ComS 168 APPROACHES TO RHETORICAL CRITICISM
Mark R. Stoner
Annotated Bibliography
Optional, 50--100 points

Goal: To extend your knowledge of the rhetorical criticism literature beyond assigned course readings.

An annotated bibliography provides readers with a coherent bibliography related to a specific, well-defined subject that includes an abstract of each cited text. The bibliography will be preceded by an introduction that describes the specific topic of the bibliography and the potential uses of it by readers; i.e., the introduction acts as a rationale for the bibliography.

Articles from the course bibliography that I have not assigned are acceptable readings.

The proper form for each citation will be: 1) Precise bibliographic citation in MLA or APA format, followed by 2) an abstract of the text or article. (Note: I randomly check entries; if you copy material from the articles or if you copy abstracts from the journals, I will fail the entire assignment.)

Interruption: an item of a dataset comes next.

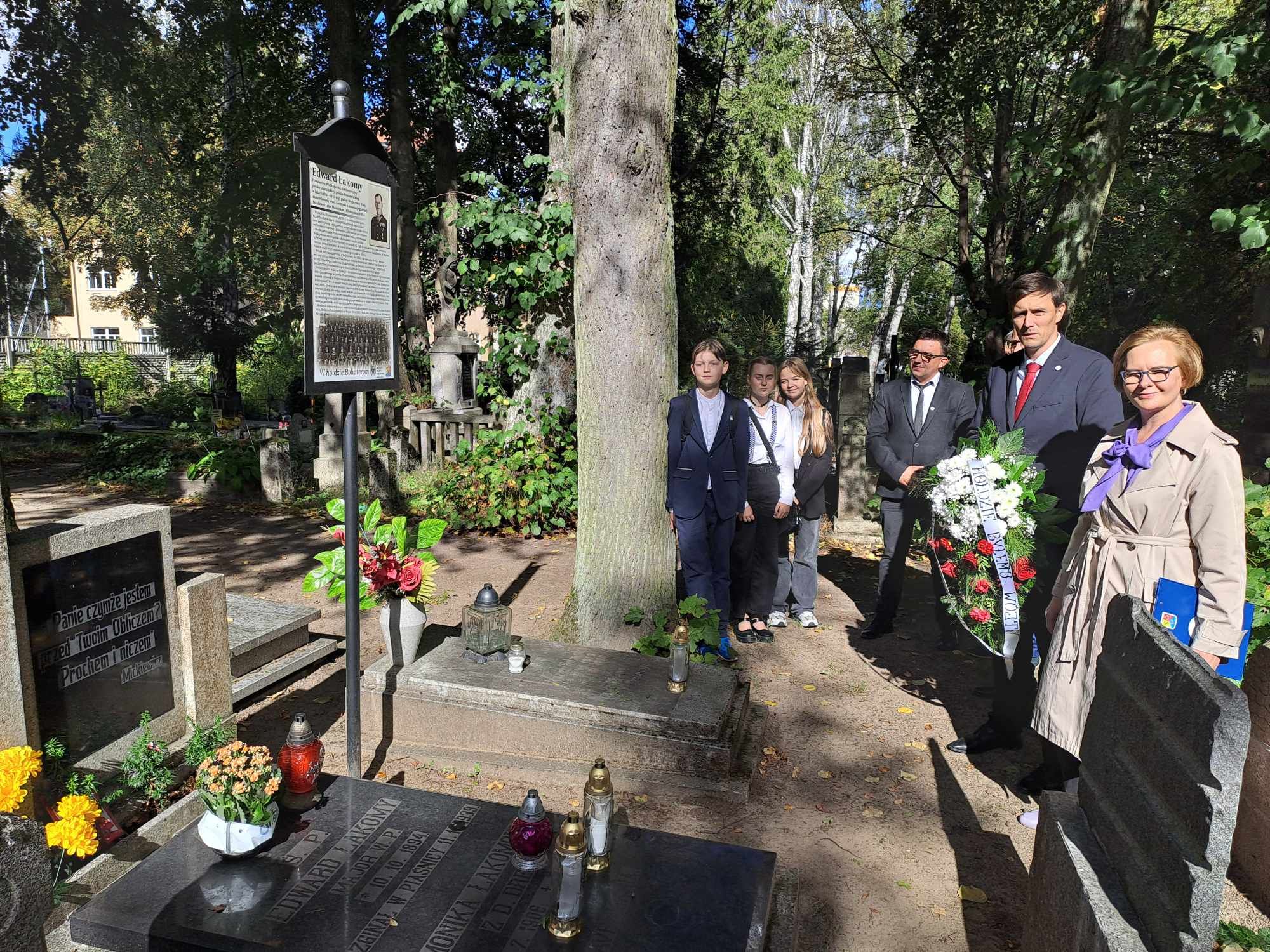 27.09 br. upamietniliśmy mjr Edwarda Łakomego, pierwszego wójta Gminy Wejherowo -Wieś. Chłopcy z 4b zapalili znicze przed pamiątkową tablicą, która znajduje się przed wejściem do SP2. Zosia, Marta i Mateusz z 6f pojechali do Wejherowa, by odwiedzić Stary Cmentarz, na którym po ekshumacji w Piaśnicy, spoczął Edward Łakomy.

50 points require 6 articles; 100 points require 10 articles; in both cases, a 1-2 page summary explaining how the articles relate to each other is required. Place the summary in front of the abstracts.

EXAMPLE CITATION:
 

Bizzell, Patricia, and Bruce Herzberg, eds. The Rhetorical Tradition: Readings from Classical Time to the Present. Boston: Bedford Books, 1990.

A comprehensive set of readings of important rhetorical theorists organized into five historical/chronological periods: classical, Medieval, Renaissance, Enlightenment, and Twentieth Century. Each period is introduced by the editors with a theoretical and historical overview of the epoch, which is then followed by representative original selections. Most selections are complete, however, some are edited, so the reader must be careful when working with these pieces to understand exactly what she is reading any particular time. The book presents a useful and wide-ranging selection of original readings, and gives particular assistance to those interested in the "lost" years of the Medieval, and Renaissance periods of rhetoric. The text includes a useful and complete indexing of terms to all portions of the text. Finally, the text will be valuable to my study of George Campbell's "faculty psychology" approach to message creation.